Problem: Only one stretch of the data below is wanted: the lines starting at the one with "Technical trousers for" and ending at the one with "随着花生、玉米等粮食作物进入", both included, given again exactly.

Data extracts:
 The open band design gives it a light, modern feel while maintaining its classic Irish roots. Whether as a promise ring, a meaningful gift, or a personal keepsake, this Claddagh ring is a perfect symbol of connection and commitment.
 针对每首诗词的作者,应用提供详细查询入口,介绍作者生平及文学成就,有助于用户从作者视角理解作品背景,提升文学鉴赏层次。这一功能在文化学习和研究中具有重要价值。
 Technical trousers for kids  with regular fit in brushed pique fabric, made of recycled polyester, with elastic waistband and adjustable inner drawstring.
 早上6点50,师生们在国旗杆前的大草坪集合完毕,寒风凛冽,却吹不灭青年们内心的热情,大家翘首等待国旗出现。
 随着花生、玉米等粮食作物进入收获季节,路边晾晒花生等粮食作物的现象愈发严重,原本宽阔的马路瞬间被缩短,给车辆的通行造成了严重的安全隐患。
---
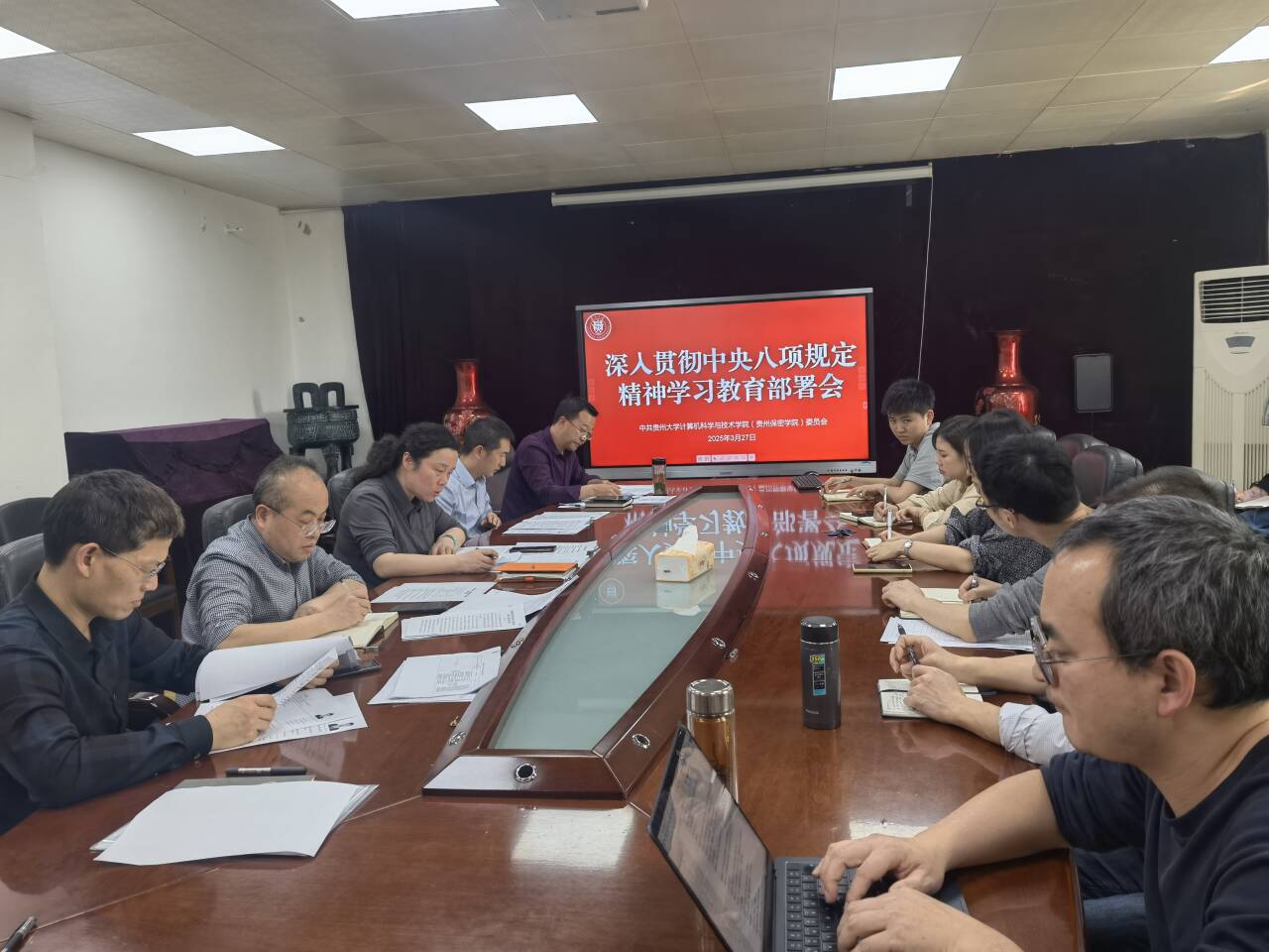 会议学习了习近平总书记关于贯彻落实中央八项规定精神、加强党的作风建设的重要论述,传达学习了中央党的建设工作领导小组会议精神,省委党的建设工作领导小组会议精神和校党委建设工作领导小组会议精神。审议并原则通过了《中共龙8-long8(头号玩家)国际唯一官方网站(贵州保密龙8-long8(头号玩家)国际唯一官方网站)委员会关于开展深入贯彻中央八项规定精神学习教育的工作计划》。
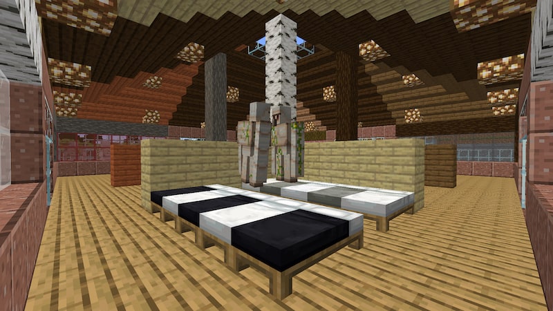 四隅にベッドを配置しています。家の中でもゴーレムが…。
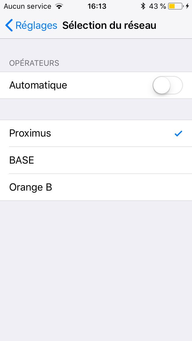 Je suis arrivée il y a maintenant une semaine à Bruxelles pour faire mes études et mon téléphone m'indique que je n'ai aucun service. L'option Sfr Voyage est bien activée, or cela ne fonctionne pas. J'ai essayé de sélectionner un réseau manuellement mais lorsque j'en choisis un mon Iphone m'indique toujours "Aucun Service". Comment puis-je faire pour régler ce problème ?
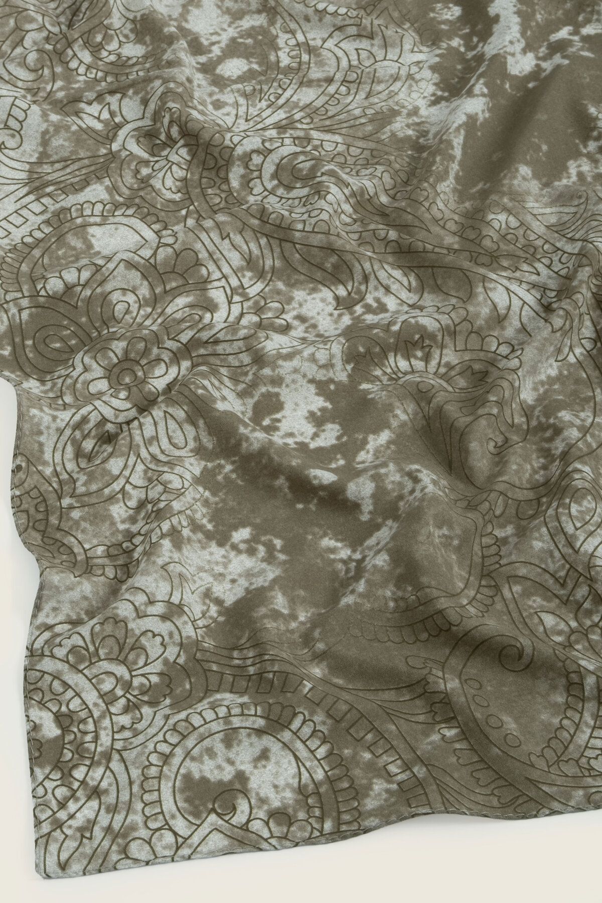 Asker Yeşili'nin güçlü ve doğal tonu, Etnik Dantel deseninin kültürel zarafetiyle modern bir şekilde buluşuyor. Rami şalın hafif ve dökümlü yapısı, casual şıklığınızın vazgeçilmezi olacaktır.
--
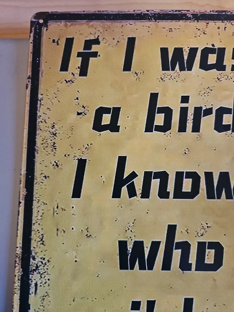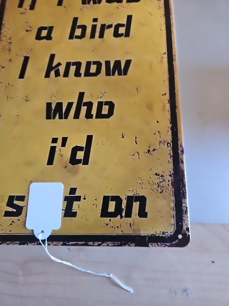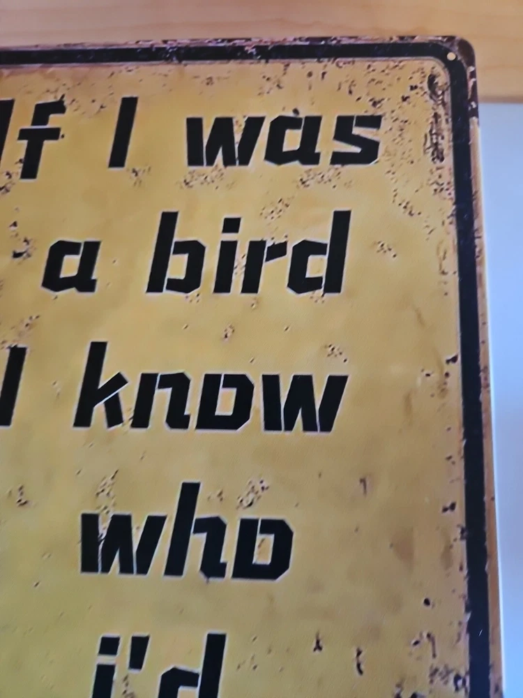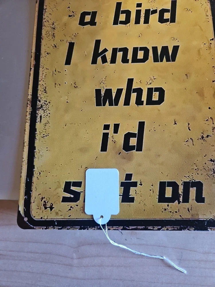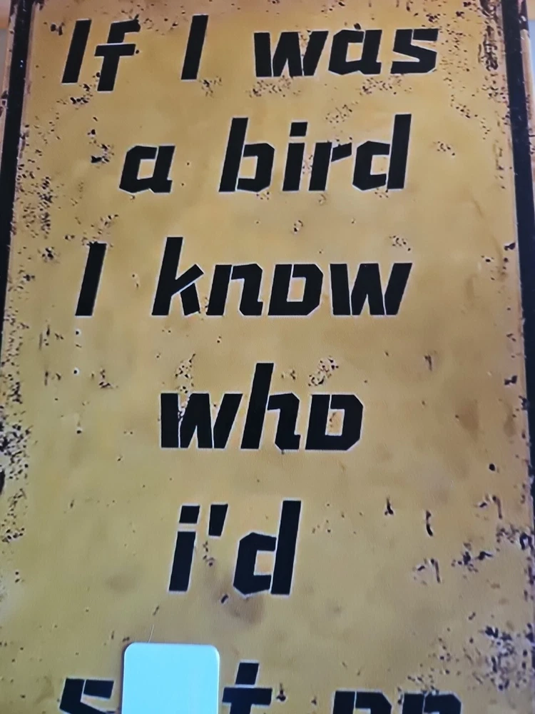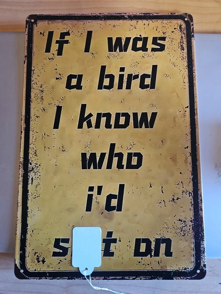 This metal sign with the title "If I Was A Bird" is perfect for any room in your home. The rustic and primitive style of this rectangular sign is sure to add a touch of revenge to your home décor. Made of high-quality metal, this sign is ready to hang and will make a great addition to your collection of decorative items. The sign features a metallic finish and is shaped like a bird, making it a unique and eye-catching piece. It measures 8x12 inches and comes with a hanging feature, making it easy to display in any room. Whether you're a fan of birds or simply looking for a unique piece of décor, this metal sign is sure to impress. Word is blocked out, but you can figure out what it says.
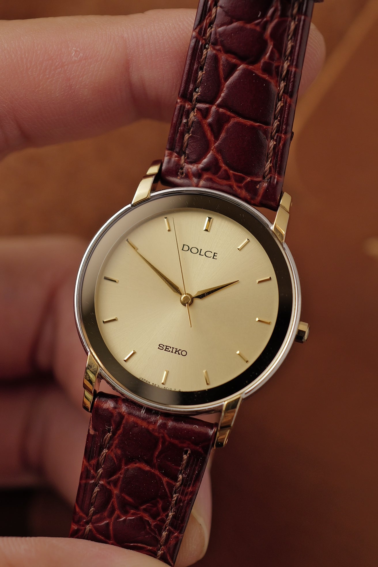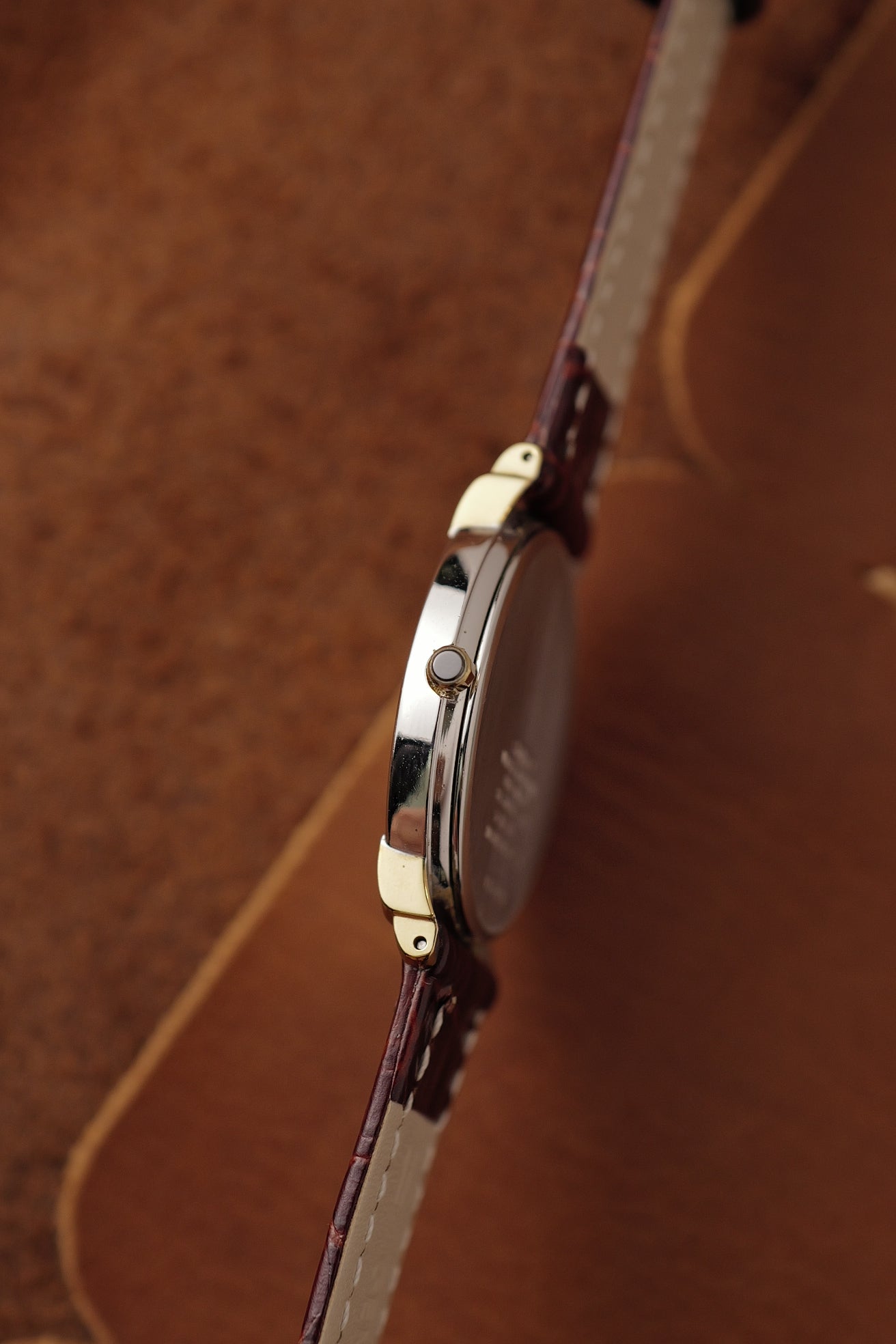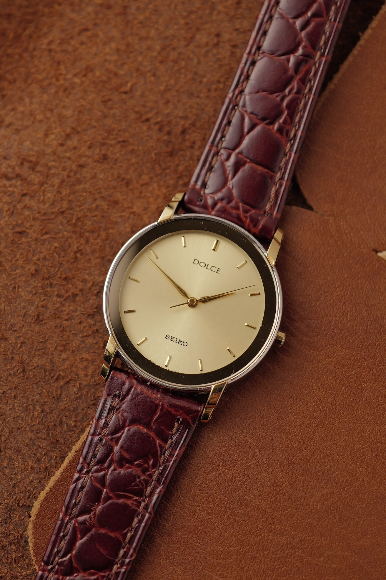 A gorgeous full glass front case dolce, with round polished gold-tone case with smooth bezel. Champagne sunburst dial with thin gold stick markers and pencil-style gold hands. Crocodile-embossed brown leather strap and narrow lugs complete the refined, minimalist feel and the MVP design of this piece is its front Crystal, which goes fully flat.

Exercise response:
 Technical trousers for kids  with regular fit in brushed pique fabric, made of recycled polyester, with elastic waistband and adjustable inner drawstring.
 早上6点50,师生们在国旗杆前的大草坪集合完毕,寒风凛冽,却吹不灭青年们内心的热情,大家翘首等待国旗出现。
 随着花生、玉米等粮食作物进入收获季节,路边晾晒花生等粮食作物的现象愈发严重,原本宽阔的马路瞬间被缩短,给车辆的通行造成了严重的安全隐患。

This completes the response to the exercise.